ゴールデンウィーク?
タケゾウは、その日の夜、可愛いお姉さんに"こんばんわ、仕事お疲れ様"とか、"お休み、明日も仕事頑張って"とラインをしたが、返信はなかった。
次の日の朝、売店に行くと、可愛いお姉さんの姿はなく、40代後半ぐらいのおばちゃんがいた。タケゾウは、おばちゃんに可愛いお姉さんのことを尋ねると、
おばちゃん「ああ。あの人は、今日から事務所になったみたいよ。」
と言われた。
タケゾウ(やられた。フグさんを犠牲にしたのに、この様かよ。)
タケゾウは売店で、いつものようにタバコと缶コーヒーを買って項垂れたまま、作業場に向かった。

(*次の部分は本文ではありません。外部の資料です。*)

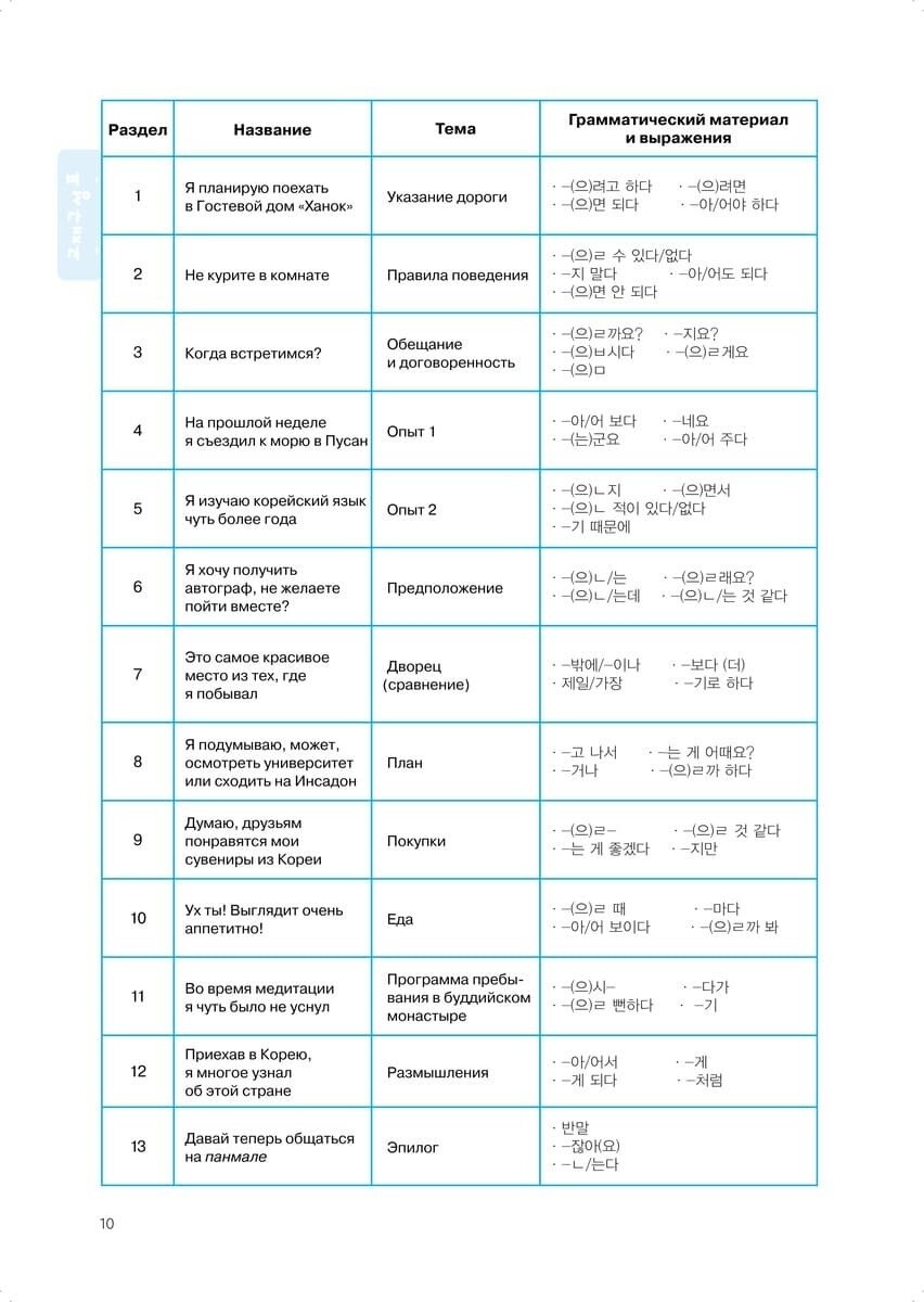 Пособие ориентировано на учащихся начального уровня, уже имеющих представление о корейском алфавите хан-гыль и освоивших учебный материал первой части курса. В пособии раскрыты все аспекты языка и речи: каждый из 13 разделов книги посвящен определенной разговорной теме и содержит диалог, новые слова и выражения, правила чтения, грамматический материал, текст, практические упражнения, а также культурологический комментарий.

フグは、なんとかクビは免れたものの、3日間の謹慎をくらい、バイトを休むことになった。そんなことを知らない作業場のバイトや派遣、社員達は、てっきりフグがクビになったものだと思った。ここで働いている魔物達は、トークが弾んでいた。
魔物達「やれやれ。うるさい奴がいなくなって、やっと思い通りに仕事ができるぜ。」
「アイツがいなくなったから、これからは、生意気な人間達を虐めれるぜ。」
「そうだな。これからは、俺達に文句を言う人間は、この職場から追い出してやろうぜ。」
タケゾウ「まずいことになった。まさか、フグさんにこんな抑止力があったとは。取り敢えず、魔物達には逆らわないようにしとこう。」
3日間休みになったフグは、特にする事もなく、また金もないので、家で洗濯をしたり掃除をしたりしていた。
フグ「今日は水曜日か。土・日と休みだから5連休じゃないか。まるでゴールデンウィークだな。しかし、来月の給料が厳しい。」
そんなことをブツブツ言いながら畳に掃除機をかけていると、木の扉をドンドンと叩く音がした。

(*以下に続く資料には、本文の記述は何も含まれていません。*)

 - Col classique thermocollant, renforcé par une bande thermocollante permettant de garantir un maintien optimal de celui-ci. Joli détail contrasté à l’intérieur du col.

フグ「こんなにドンドンと乱暴に扉を叩く奴は、アイツしかいない。そんなにドンドンと扉を叩くな!!外れるだろ!!」
フグはドカドカと歩いて、あと少しで入口にたどり着くところで、
ドターン!!
と、木の扉が外れて倒れた。
フグ「またお前らか!!いい加減にしろ!!毎回毎回、俺の玄関のドアを壊しやがって!!嫌がらせか!!」
扉が外れた先に、例の少年となっちゃんが立っていた。
2人は勝手にフグのボロ小屋の中に入って座り、ポテチとジュースを出して、食べ始めた。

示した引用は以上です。